JoAnne and EMike,
That is why I suggested as an experiment the use of NBEMS in my original post:
"The messages could be sent digitally via, say, Narrow Band Emergency Messaging System (NBEMS) to improve reliability of transcription."
Yes, voice would be slow and inaccurate. Using digital data would send more information quicker. NBEMS can be use send various ICS forms, weather reports, and ARRL Radiograms. The data streams you suggest are already supported through NBEMS. NBEMS is designed precisely for this type of application.
NBEMS can work on SSB as well as FM modes. Given that there are already a sizable number of amateur satellites orbiting the earth, and more coming, there would be many opportunities to pass traffic over LEO satellites. The transponder birds would offer multiple channels for this activity. I'm sure, though, that there will be those that shudder over the thought of multiple data streams being passed over the linear birds at one time. Data transmissions would have to be disciplined.
73,
Mac AE5PH
On 12/15/2017 08:40 AM, JoAnne K9JKM wrote:
EMike mentioned:
It seems to me that the limiting factor for using LEO satellites as an Emergency Response of any scale, would the short amount of time of a given pass and the limited number of usable passes a day over an area needing the response.
I agree, a verbal status report or request for assistance for an island-wide or city-wide disaster (think Puerto Rico and Houston) likely would not fit into the time for a LEO pass of a single satellite.
But, us ingenious ham radio operator types perhaps have the basis of sending compressed data which conveys a lot of information.
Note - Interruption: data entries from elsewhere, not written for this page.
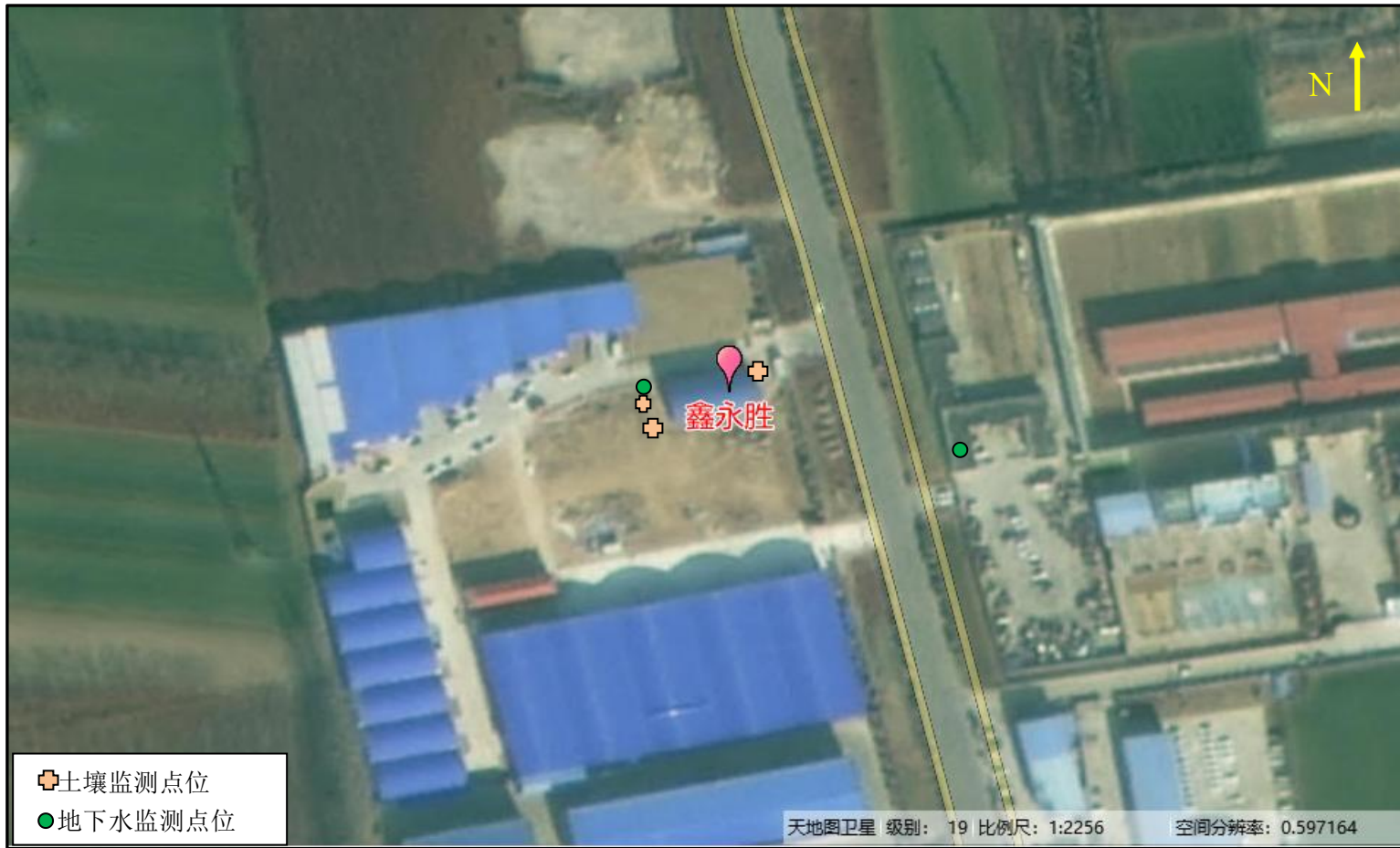
附图 1 土壤地下水监测点位图
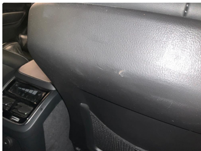
2.1 Skade på seterygg (Repareres)
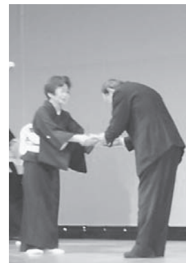
寄付金贈呈の一コマ
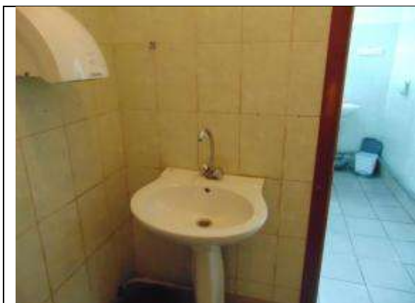
5.2. Туалетная комната
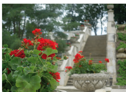
Historische Treppe für romantische Fotos
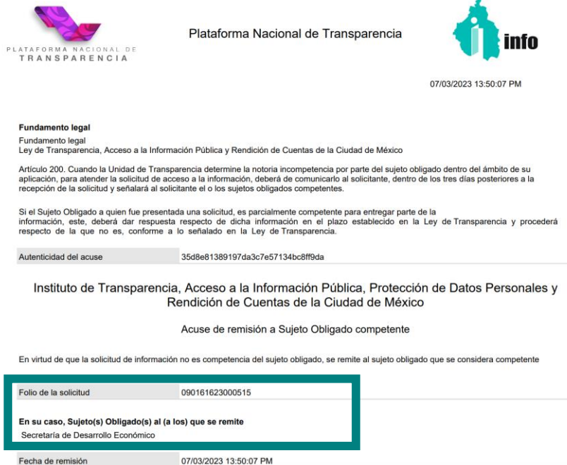
Imagen representativa del Acuse de remisión a Sujeto Obligado competente emitido por la plataforma

Como respuesta, el sujeto obligado informó que no contaba con competencia alguna relacionada con la información de interés y, por lo tanto, no la genera, detenta o administra. Sin embargo, precisó que, de acuerdo con la Ley Orgánica del Poder Ejecutivo y de la Administración Pública de la Ciudad de México, se tiene la potestad para delegar las facultades que originalmente le corresponden a la persona titular de la Jefatura de Gobierno. Y detalló que, las atribuciones de coordinar, normar y supervisar la operación y funcionamiento de la Central de Abasto de la Ciudad de México, a través de la Coordinación General de la Central de Abasto, es de la Secretaría de Desarrollo Económico, razón por la cual, fue remitida la solicitud a través de la plataforma a su Unidad de Transparencia.
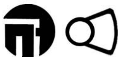
Схема расположения выводов
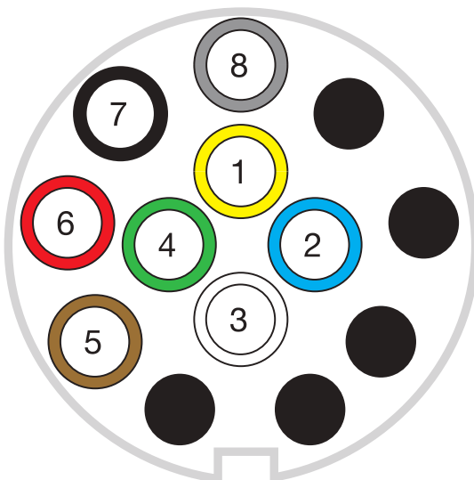
ISO 11446 8 pin
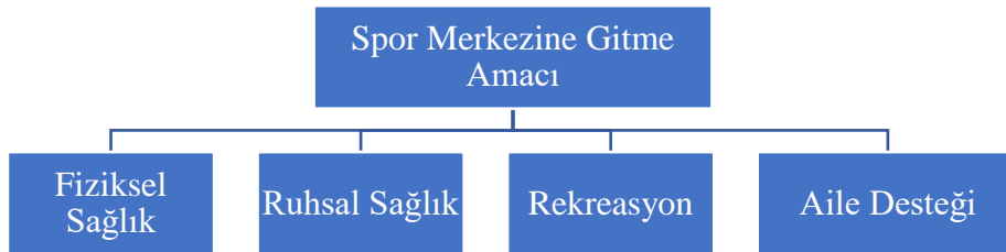
Şekil 2. Spor merkezine gitme amacı ana teması ve alt boyutları

Araştırmanın sonuçları, spor merkezine gitme amacının ana teması ve alt boyutlarına odaklanarak şekillendirilerek şekil 2’de gösterilmiştir.
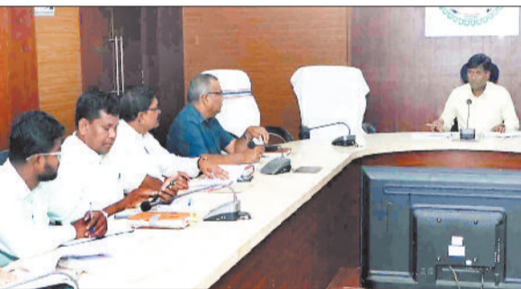
बैठक को संबोधित करते कलेक्टर।
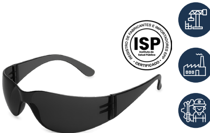
ANTEOJO DREIER SAFETY OSCURO

CAJA MASTER: 300 UNIDADES UNIDAD DE VENTA: 12 UNIDADES
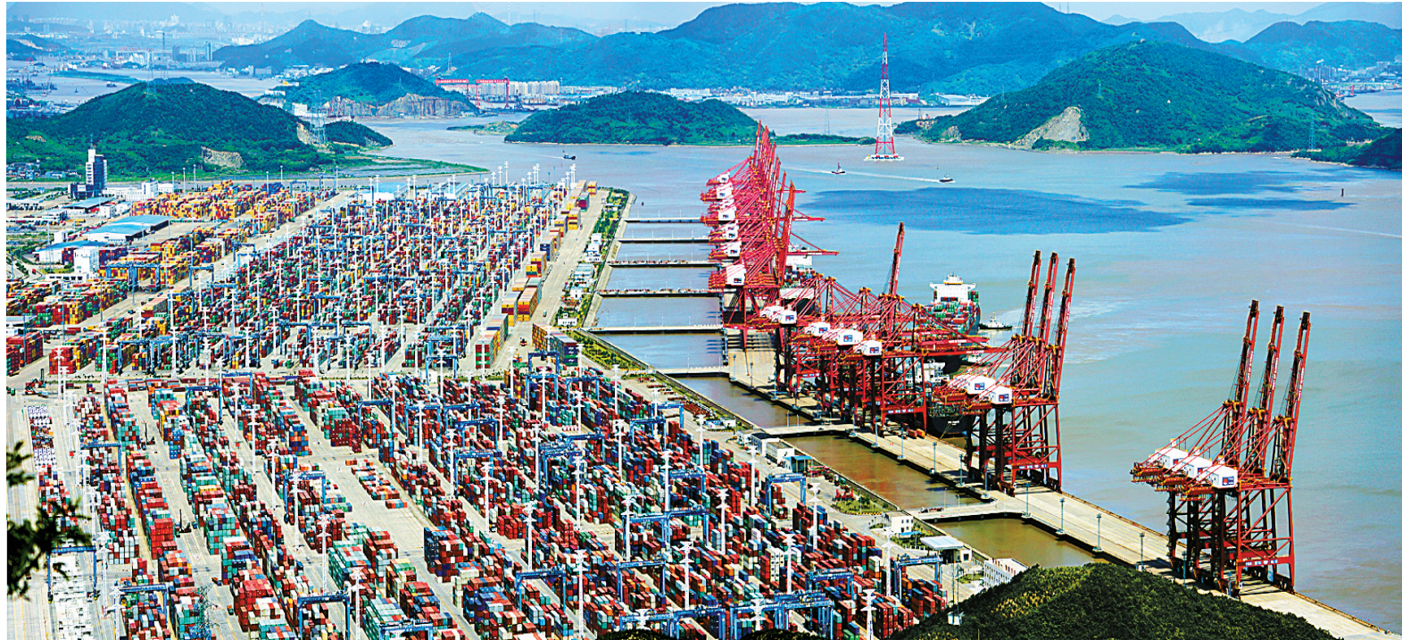
远眺码头，这里跳动着宁波舟山两地的“工业心脏”。
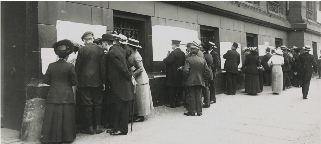
Passanten lesen die Verlustlisten für Österreich-Ungarn über Getötete, Verwundete, Verletzte, Vermisste, Gefangene (1916)
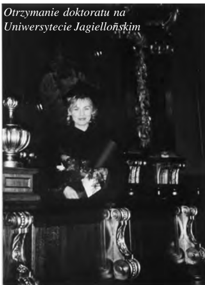
Otrzymanie doktoratu na Uniwersytecie Jagiellońskim

są zapraszani do udziału w tym Międzynarodowym Festiwalu Literackim - jednym z najbardziej prestiżowych wydarzeń literackich na świecie. Co ciekawe, w 2011 r. została przetłumaczona na język polski książka napisana w całości przez szkocką autorkę książek w której jest wiele o Polakach (tytuł: „Niedźwiedź Wojtek. Niezwykły bohater Armii Andersa”). Książka ta przypomina skomplikowane dzieje pewnej niezwykle przyjaźni ludzi ze zwierzęciem (Wojtek, ów syryjski niedźwiedź brunatny dożył dwudziestu dwóch lat w Zoo w Edynburgu).
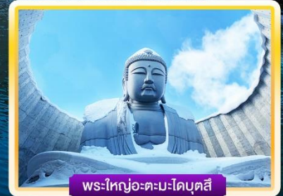
พระใหญ่อะตะมะไดบุตสึ
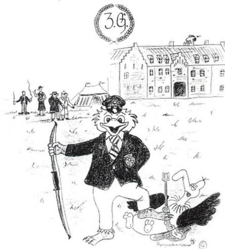
Forsiden i en Fugleskydningsprotokol.

Den Storr Berlovianske Fugleskydning Anno 1986.
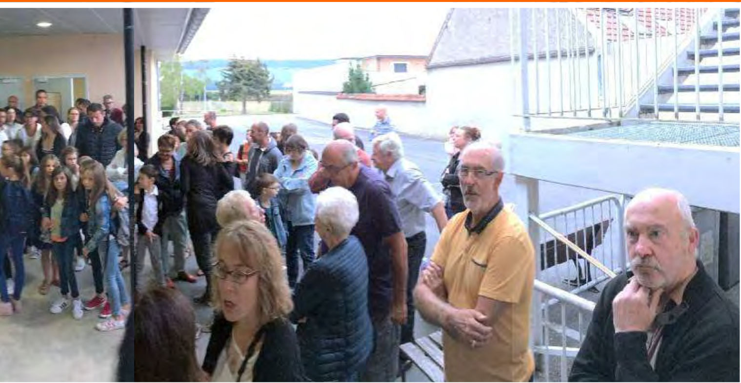
consignes de rentrée de Mme Coutel.
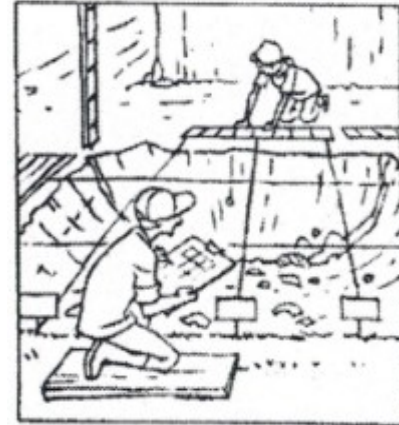
Ils quadrillent le terrain pour situer les découvertes.
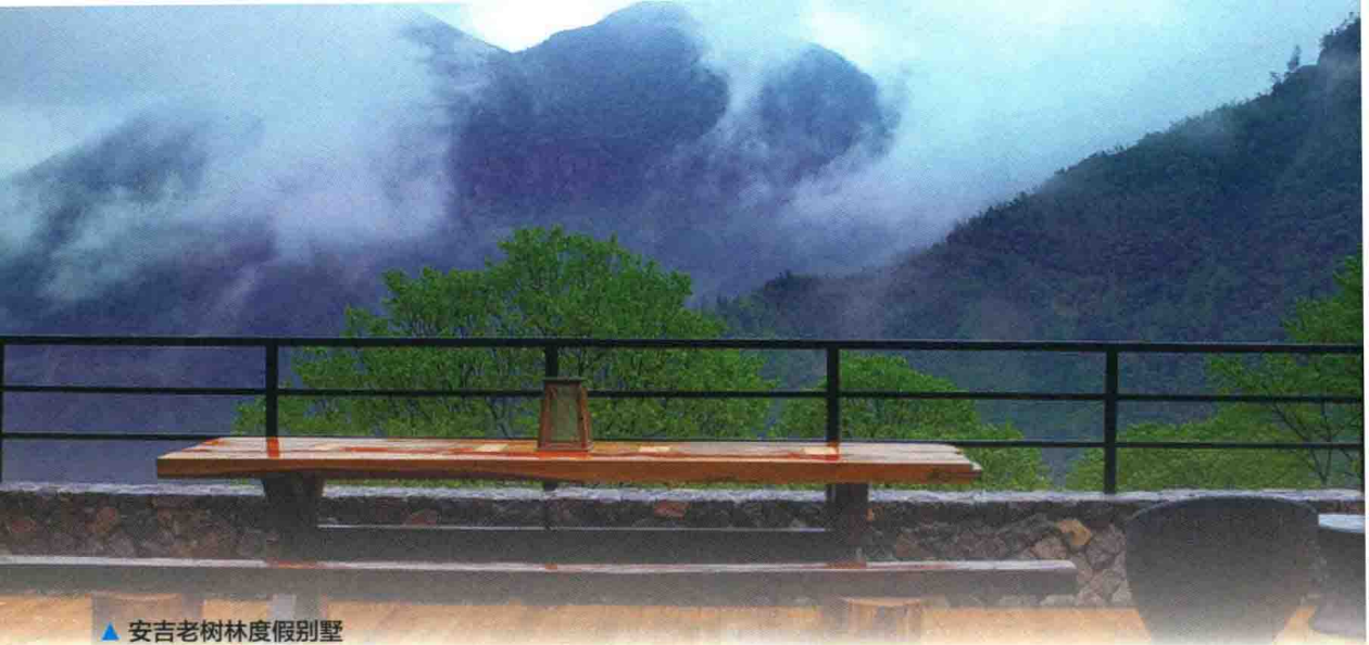
▲安吉老树林度假别墅

湖州，地处太湖南岸，是一座具有 2300 多年历史的江南古城，素有“丝绸之府、鱼米之乡、文化之邦”之美誉，宋代便有“苏湖熟，天下足”之说，是湖笔文化的诞生地、丝绸文化的发源地、茶文化的发祥地，是环太湖地区唯一因湖而得名的城市，下辖德清、长兴、安吉三县和吴兴、南浔两区，面积 5818 平方公里，人口 290 万。湖州位于长江三角洲中心腹地，交通十分便捷，距沪、宁、杭、苏、锡、常等大城市均在 2 小时车程以内。湖州生态环境优良，全市森林覆盖率达 51%，西部山区近 70%。“中国竹乡”安吉是全国首个生态县，德清、长兴均为省级生态县，全市拥有全国环境优美乡镇 20 个，居全省之首。元代诗人戴表元曾留下诗句：“山从天目成群出，水傍太湖分港流，行遍江南清丽地，人生只合住湖州。”近年来，在湖州市委、市政府强力推动下，新农村建设成就已转化为湖州乡村旅游发展的产业优势，德清县的“洋家乐”，长兴县的“上海村”，安吉县的“美丽乡村”，吴兴区和南浔区的“休闲农庄”等乡村度假产品，在全省乃至长三角都具有一定的知名度和影响力。目前，全市农家乐达 3200 余家。2013 年，全市乡村旅游接待游客 1310 万人次，同比增长 13.21%；直接经营收入 15.43 亿元，同比增长 19.15%，带动农民人均增加收入 769 元，占年度农民人均收入增加量 1856 元的 41.43%。湖州充分利用太湖、古镇、名山、湿地等优势资源，集中展现生态、文化、宜居、乐活的乡村特色，形成了独具魅力的竞争优势，“乡村旅游在湖州”的品牌已经形成。湖州市先后获得国际生态休闲示范城市、中国优秀旅游城市等称号，在全省率先实现省级旅游经济强县全覆盖。2012 年，安吉县在意大利第六届世界城市论坛上被联合国人居署评为“联合国最佳人居奖”，德清县莫干山被美国《纽约时报》推荐为“2012 年全球 45 个最值得一去的地方”之一。
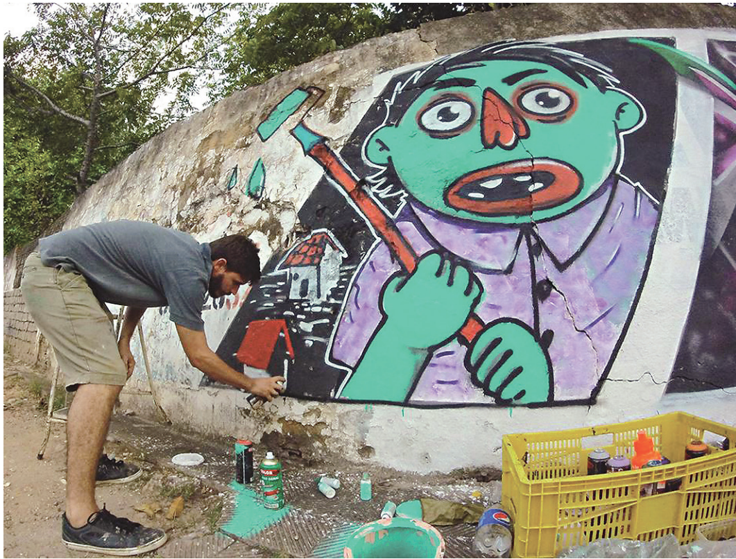
// Arbus passou a ocupar espaços públicos ao observar paredes abandonadas da zona Sul de Natal
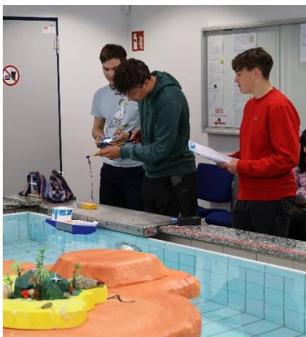
DIY-Schiff aus 2025

Die teilnehmenden Schüler_innen sollen das Transportmittel (ein ferngesteuertes Schiff) im Vorfeld der Veranstaltung nach strategischen, logistischen und schiffbaulichen Aspekten selbst konstruieren und bauen. Dazu gibt es keine Einschränkungen – allerdings muss es sich mit den bereitgestellten Modellcontainern (Maße 60*24*26mm) beladen lassen.
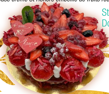
St Honoré Douce Saison*

Onctueuse crème St Honoré embellie de fruits rouges
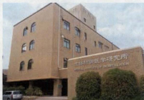
共同研究開発ラボ 九州大学・生体防御医学研究所
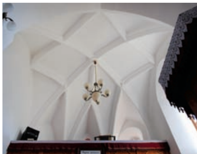
9. A szentély boltozata

kép). 16 Szamarhátíves mérműveihez a szatmári Nagygéc és Nagyszekeres templomán tűnik fel hasonló, s utóbbin olyan baldachinszerű boltindítással is találkozunk, melynek alapján az akli szentély északnyugati, töredékes „konzolja” is elképzelhető. 17 Boltozata is megjelenik a környé-
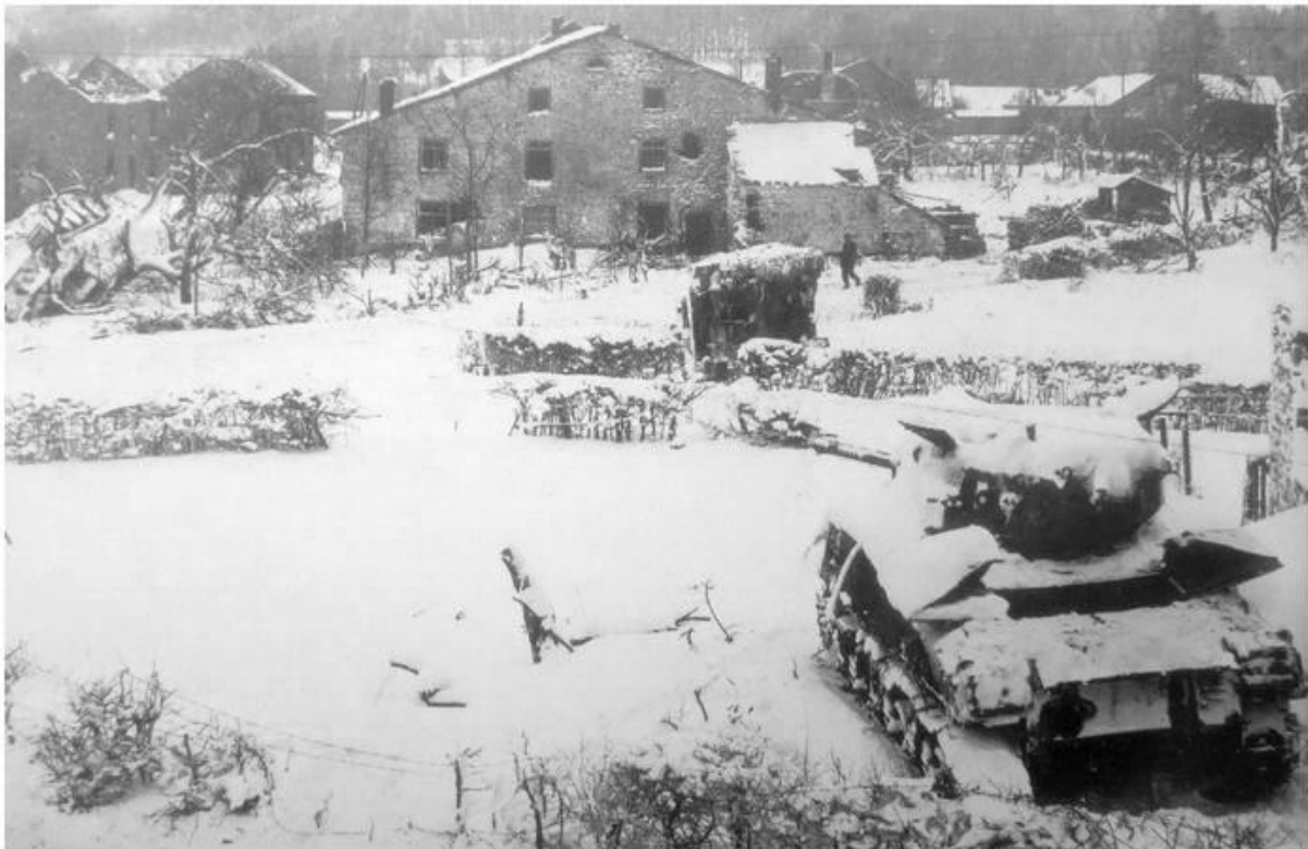
Manhay, rechts een uigeschakelde Sherman, links een Duitse Panther op haar zijkant

In snel tempo trokken de Amerikanen zich terug naar het noorden en viel Manhay in Duitse handen. Overal reden Amerikaanse tanks te zoeken naar een uitbraak naar het noorden. Overal doken Duitse troepen op die verschillende leidende tanks uitschakelden waardoor de wegen verstopt raakten. Commandanten van de terugtrekkende Amerikanen gaven opdracht de achterop komende tanks te verlaten en te voet naar vriendelijk linies te trekken.
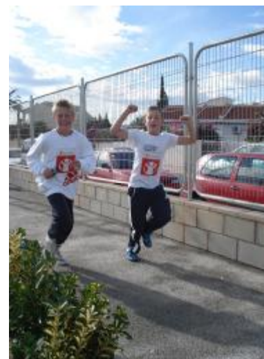
Flott driv i løypa!

Totalt ble det samlet inn 294 Euro. Et kjempemessig resultat. Vel gjennomført skolejogg alle sammen.
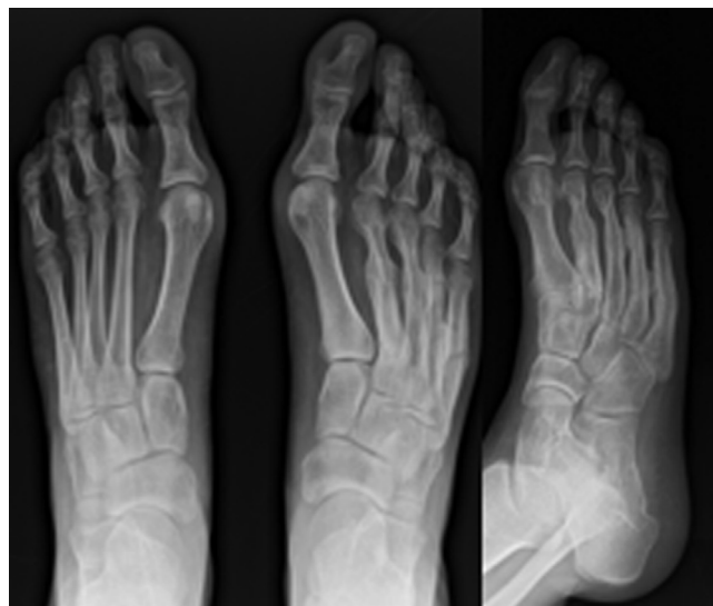
Figura 6 Radiografías finales (14 meses).

Este caso clínico describe la aparición de hasta 7 fracturas de estrés en un paciente joven, sano, sin alteraciones metabólicas ni condicionantes laborales que justifiquen una

Packed into the bytes of telemetry messages we find out about voltage, current, solar cells, temperature, etc. We use a predefined interface document to decode the string of bytes.
How about using a predefined disaster status data stream that all shelters (like scattered around an entire island) to encode 1) head count of staff 2) head count of victims 3) electrical power 4)drinking water 5) more supplies needed 6) need critical assistance. This way EOC staff could develop and maintain a system-wide status. Coordinating supplies or critical messages may also need better paths to complete than 10 minutes of satellite time.
We fill data warehouses with telemetry bytes as ground stations around the world receive those defined telemetry streams and forward them. Conversely, if multiple LEO satellites support a disaster-status protocol then EOC staff could receive more frequent updates (having to tune and track a different satellite though). In this case the EOC uses multiple satellites vs. one data warehouse with multiple users.
We'd need future cubesat missions capable of supporting a disaster telemetry stream. If we try something like this now it likely could see proof of concept with a single cubesat.
Hoping someday we'll replace this cubesat approach with the AMSAT Phase 4 groundstation. That will be like having a wireless phone line between an EOC and every shelter.